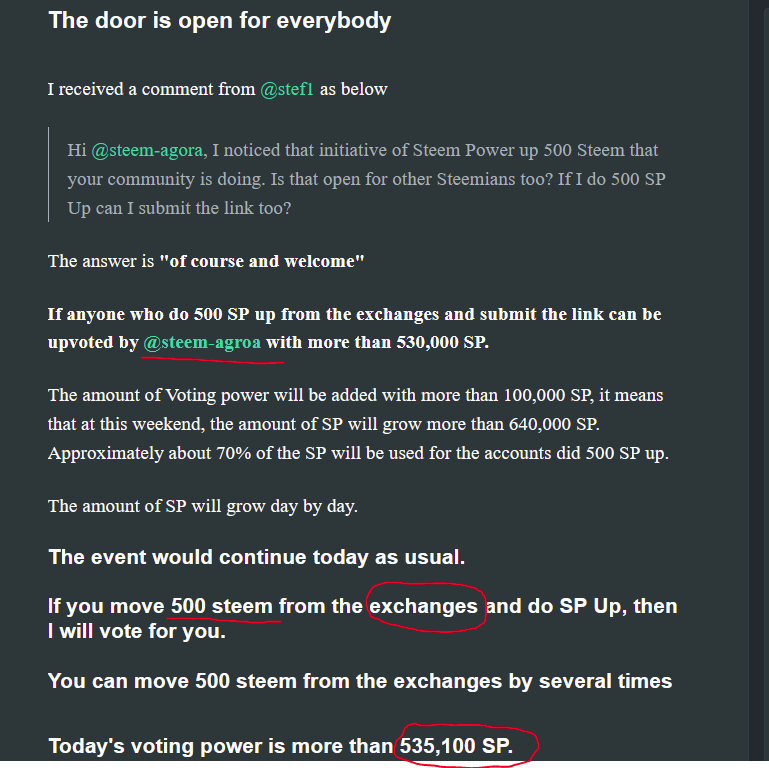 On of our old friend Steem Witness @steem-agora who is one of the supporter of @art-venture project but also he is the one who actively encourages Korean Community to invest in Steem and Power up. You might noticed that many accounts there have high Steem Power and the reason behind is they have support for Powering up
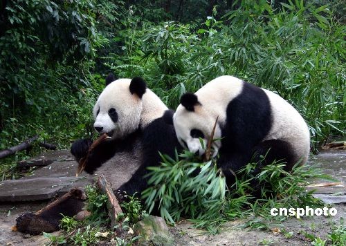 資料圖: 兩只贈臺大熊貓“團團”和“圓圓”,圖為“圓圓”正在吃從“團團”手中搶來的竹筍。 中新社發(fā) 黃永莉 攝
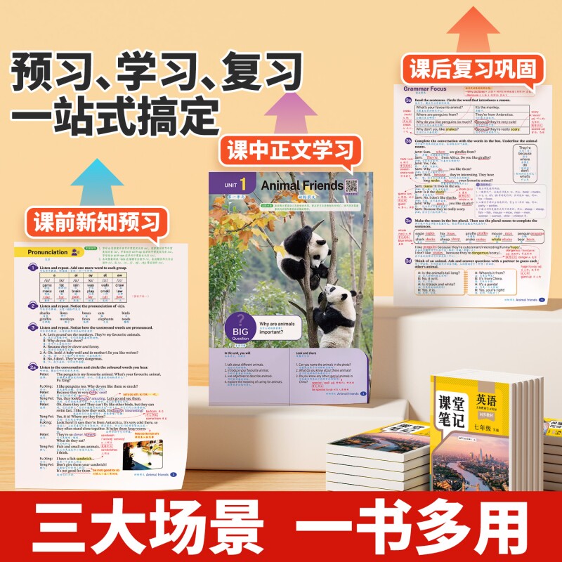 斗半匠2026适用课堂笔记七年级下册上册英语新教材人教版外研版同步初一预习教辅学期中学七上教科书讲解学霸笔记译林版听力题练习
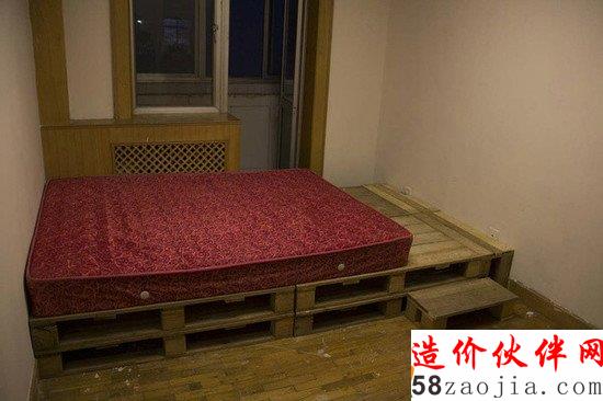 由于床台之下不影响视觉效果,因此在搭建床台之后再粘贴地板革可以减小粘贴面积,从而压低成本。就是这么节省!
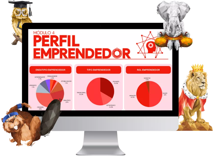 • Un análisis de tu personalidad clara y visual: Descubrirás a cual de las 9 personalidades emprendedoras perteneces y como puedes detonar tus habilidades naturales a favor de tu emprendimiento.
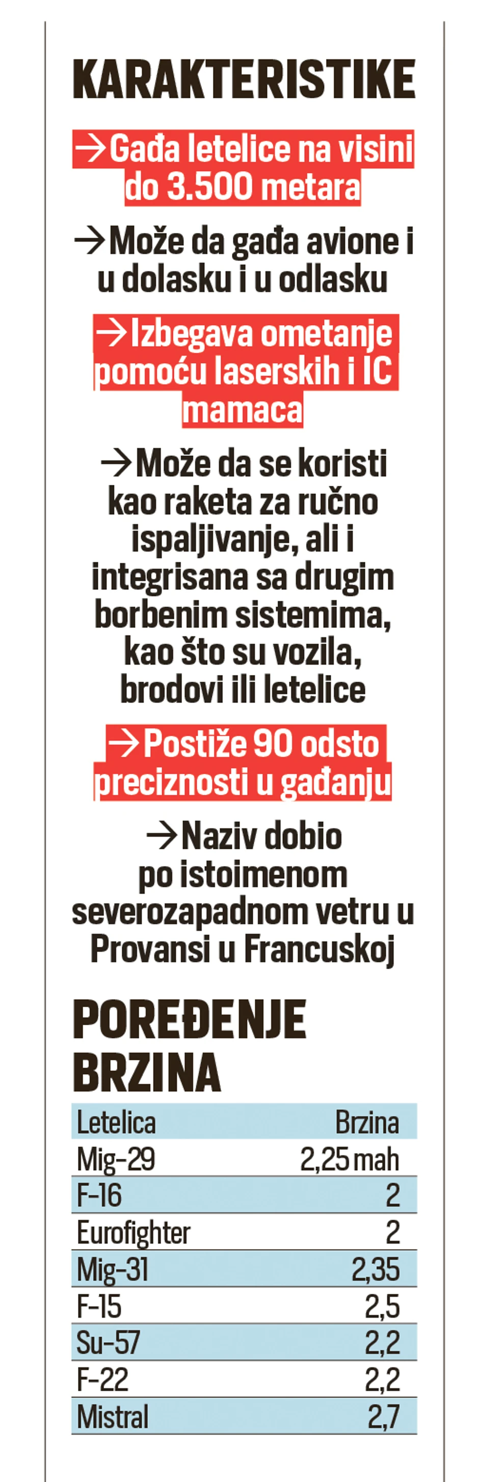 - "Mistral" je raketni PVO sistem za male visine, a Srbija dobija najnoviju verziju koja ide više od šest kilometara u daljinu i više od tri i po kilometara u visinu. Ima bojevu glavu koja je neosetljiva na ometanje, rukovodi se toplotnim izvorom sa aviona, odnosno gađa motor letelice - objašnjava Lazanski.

* * * * * * *

▶ [What is being asked]: No pictures belong in the answer, only the lines from the top of the listing through the line containing "de tu emprendimiento.", repeated word for word.

▶ [Finished exercise]:
 On of our old friend Steem Witness @steem-agora who is one of the supporter of @art-venture project but also he is the one who actively encourages Korean Community to invest in Steem and Power up. You might noticed that many accounts there have high Steem Power and the reason behind is they have support for Powering up
 資料圖: 兩只贈臺大熊貓“團團”和“圓圓”,圖為“圓圓”正在吃從“團團”手中搶來的竹筍。 中新社發(fā) 黃永莉 攝
 斗半匠2026适用课堂笔记七年级下册上册英语新教材人教版外研版同步初一预习教辅学期中学七上教科书讲解学霸笔记译林版听力题练习
 由于床台之下不影响视觉效果,因此在搭建床台之后再粘贴地板革可以减小粘贴面积,从而压低成本。就是这么节省!
 • Un análisis de tu personalidad clara y visual: Descubrirás a cual de las 9 personalidades emprendedoras perteneces y como puedes detonar tus habilidades naturales a favor de tu emprendimiento.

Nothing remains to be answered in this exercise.